What to produce :: Reproduce exactly, leaving out pictures, each line from the one holding "(서울=포커스뉴스) 28일 오후" through the final line of the listing, and add nothing.

Collected data ::
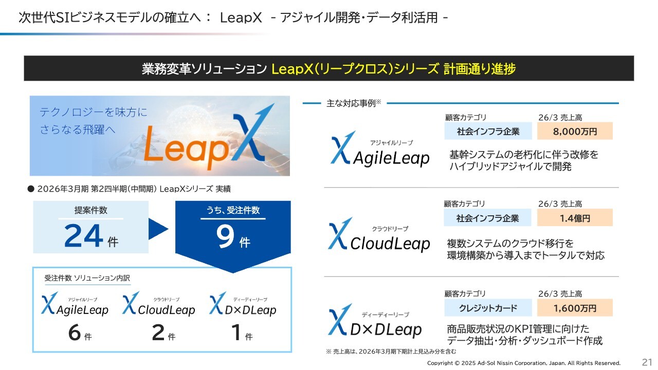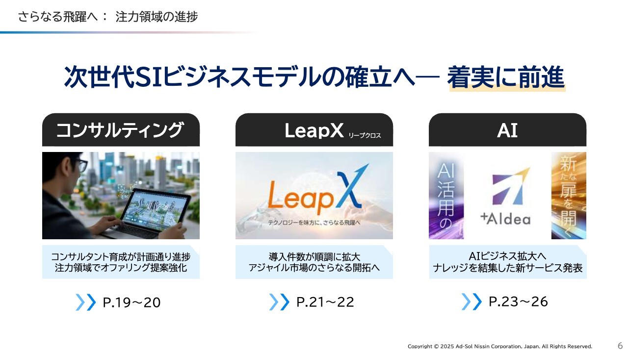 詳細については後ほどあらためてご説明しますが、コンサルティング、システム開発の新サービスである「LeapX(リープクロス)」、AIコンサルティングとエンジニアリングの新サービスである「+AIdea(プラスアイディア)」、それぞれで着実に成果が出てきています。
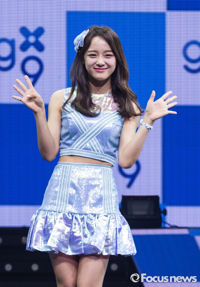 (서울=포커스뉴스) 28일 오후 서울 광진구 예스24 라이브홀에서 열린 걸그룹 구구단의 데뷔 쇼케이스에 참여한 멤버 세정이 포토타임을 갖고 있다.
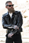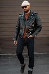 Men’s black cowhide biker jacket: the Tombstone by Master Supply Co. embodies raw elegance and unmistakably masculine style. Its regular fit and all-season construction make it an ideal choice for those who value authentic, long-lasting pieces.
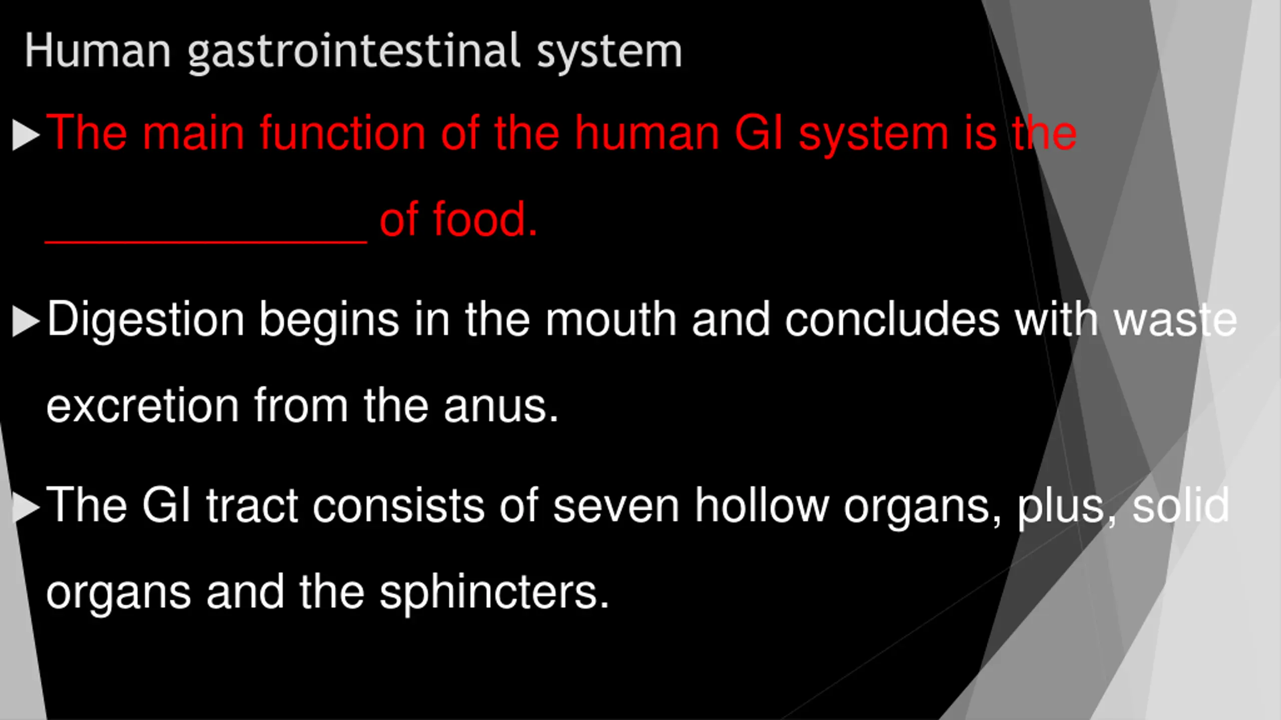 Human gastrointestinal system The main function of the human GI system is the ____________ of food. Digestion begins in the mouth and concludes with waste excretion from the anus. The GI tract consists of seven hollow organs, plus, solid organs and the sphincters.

Task result ::
 (서울=포커스뉴스) 28일 오후 서울 광진구 예스24 라이브홀에서 열린 걸그룹 구구단의 데뷔 쇼케이스에 참여한 멤버 세정이 포토타임을 갖고 있다.
 Men’s black cowhide biker jacket: the Tombstone by Master Supply Co. embodies raw elegance and unmistakably masculine style. Its regular fit and all-season construction make it an ideal choice for those who value authentic, long-lasting pieces.
 Human gastrointestinal system The main function of the human GI system is the ____________ of food. Digestion begins in the mouth and concludes with waste excretion from the anus. The GI tract consists of seven hollow organs, plus, solid organs and the sphincters.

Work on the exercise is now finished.